— Ну да, ну разумеется, и следовало этого ожидать! Европа, цивилизация, как же! Макадам на улицах и в квартирах полнейший комфорт! Главное-то, уж всенепременно, комфорт и всевозможные удобства для тех, которые имеют полное право на эти удобства. Вы это заметьте, Тургенев, исключительно только для тех, которые полное право имеют, то есть, разумеется, имеют деньги и власть, в чём и заключаются все права современного человека. И я вам откровенно скажу, уж вы простите меня, дурака, что от этой цивилизации, где всё по правам, народ наш сопьётся скорее и окончательней, чем без неё. Уж и нынче на полсотни жителей чуть не кабак. Уж и нынче всевозможный разврат, воровство, укрывательство и разрушенные семейства. А дети-то, дети, какая им-то несметная мука от вечно пьяных отцов, не от вина, так денег, от этой ненасытной жажды всё больше, больше иметь. А вы ещё им европейскую цивилизацию, как обух по голове. Да вы вот откровенно скажите, Тургенев, отрапортуйте мне, как по-вашему, отчего это люди пьют?
Лицо Тургенева помрачнело, а голос как-то осел, стал точно кривой:
— Сами знаете, что ж говорить. У меня в Спасском на семь вёрст кругом, хоть я и школу открыл, сотни грамотных не наберёшь, земля обработана кое-как, рожь пополам с васильками, горько смотреть, а урожай... да что говорить... урожай... уже кормиться нельзя, и во всех какое-то мрачное отвращение к повседневному, правильному труду, и одиннадцать кабаков, которые полнёхоньки во всякое время. Так что судите вот сами.

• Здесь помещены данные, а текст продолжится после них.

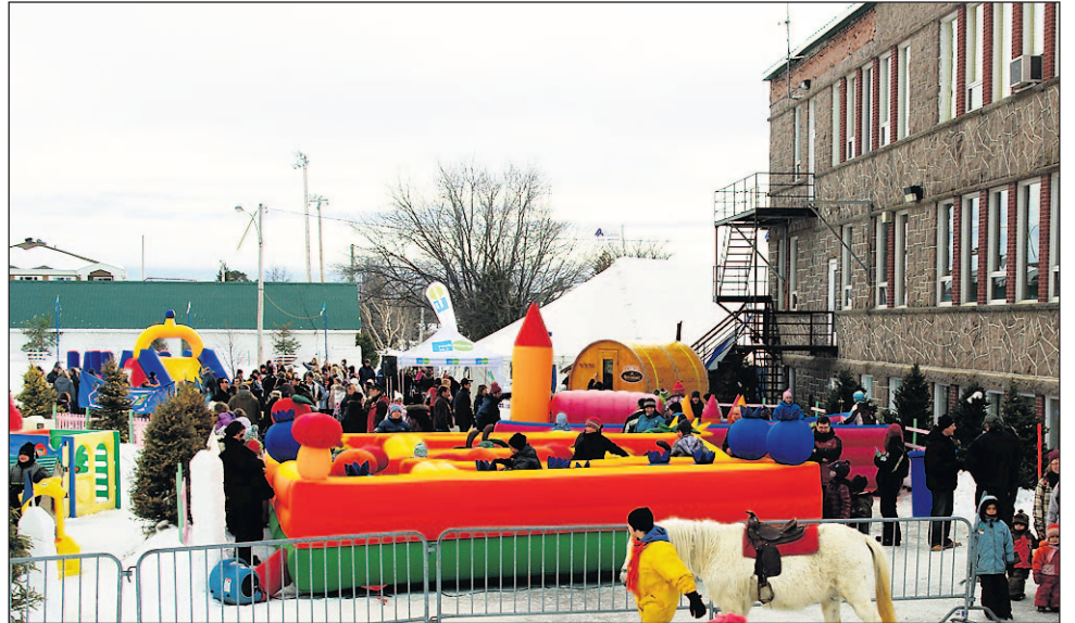
Les journées pour les jeunes des écoles primaires et des centres de la petite enfance sont toujours très achalandées au Festival des glaces de Saint-Gédéon.

Vendredi, le Festival des glaces offre au public un autre spectacle gratuit avec le groupe Top Dance : « Ce groupe de la région est très bien connu. Le groupe se compose de onze musiciens qui, vous feront vivre une soirée inoubliable en interprétant les succès populaires », assure Lise Bouchard.
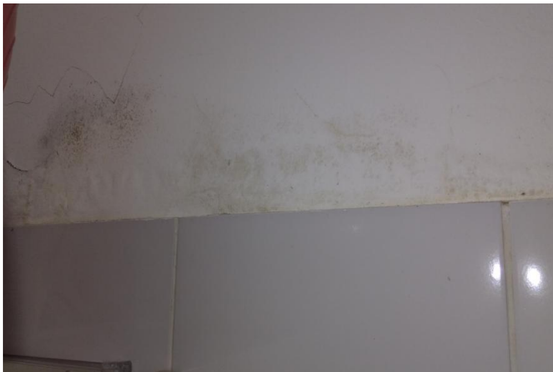
Figura 2 - Manifestações patológicas nas paredes da UBS Lúcia Elena dos Santos
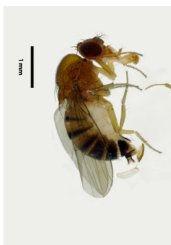
Figura 2 - Adulto fêmea da mosca da asa manchada ( D. suzukii ).
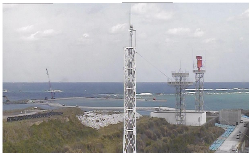
④ 平成27年3月 護岸築造工事
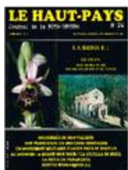
Le Haut-Pays n°24 (NUM-00449)
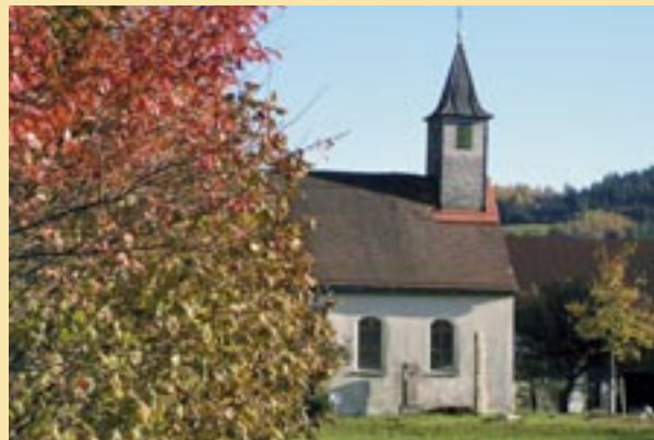
Die Agatha-Kapelle birgt einen sehenswerten Rokoko-Altar
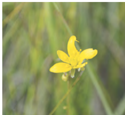
Камнеломка болотная, Красная Книга Удмуртии (1 категория), Кезский район.
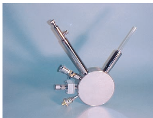
クライオスタット
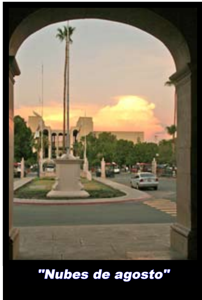
"Nubes de agosto"
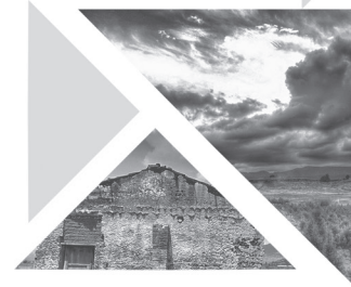
Detalles. Fotografía digital D./N. Arturo de Jesús Martínez Domínguez.

Publicación del Centro de Investigación y Estudios Avanzados en Ciencias Políticas y Administración Pública, de la Universidad Autónoma del Estado de México.

Он суетливо двинулся в кресле, поймал шляпу, которую чуть было опять не сронил, и засмеялся противным радостным смехом, покоробившим его самого. Он находил поверхностным этот ответ, и видеть было приятно, что этот образованный человек, которого он считал чрезвычайно умным, даже умнейшим, попался в этом очевидном вопросе в совершенный просак, и ему особенно не терпелось поскорей уличить Тургенева в этом поучительном, симптоматичном просаке, именно потому не терпелось, что он считал его умным чрезмерно, и он почти выкрикнул, ощутив, как вспыхнуло краской лицо и мелкой дрожью задрожали беспокойные руки:
— Да, да, да, я так и знал, я предвидел! И в самом деле, спешу подтвердить, что люди пьют от невежества и пуще того от безделья, просто не ведая, не находя, деть куда бы себя и чем бы на досуге заняться. Но это же не всё, это далеко ещё и совсем даже не всё! Цивилизованный-то человек пьёт ещё больше! Раз я видел в Лондоне, в субботу, уже самой ночью, толпу, в полмиллиона, честное слово, не меньше. Толпа эта будто праздновала шабаш, толпясь в отворенных тавернах и прямо на улицах. И все пьяны, как есть все, даже женщины, иногда даже дети. И вот что я заметил, не знаю, как вы: пьяны они без веселья, мрачно, тяжело, молчаливо пьяны. Только иногда площадное ругательство или потасовка нарушали эту подозрительную и грустно действующую на меня молчаливость. Невежество? Помилуйте, нет, это уже не невежество, вовсе и ни в коем случае нет, это все деньги и смысл цивилизованного вашего человека! Да знаете ли вы, во что превращает человека вот это?
Он выхватил из кармана, не глядя, как только схватилось, мятую радужную бумажку и потряс этим неопрятным полукомком, негодующе, яростно говоря:
— Она превращает почти всякого человека в раба!
Он остановился, задыхаясь от кашля, всмотрелся расширенными глазами, точно искал, куда бы швырнуть эту дрянь и после неё вымыть руки, ничего не нашёл и свирепо переспросил:
— В раба?
Губы сложились брезгливо, оскалились зубы:
— Ну нет! Рабы Греции или Рима перед нынешними — сущая добродетель!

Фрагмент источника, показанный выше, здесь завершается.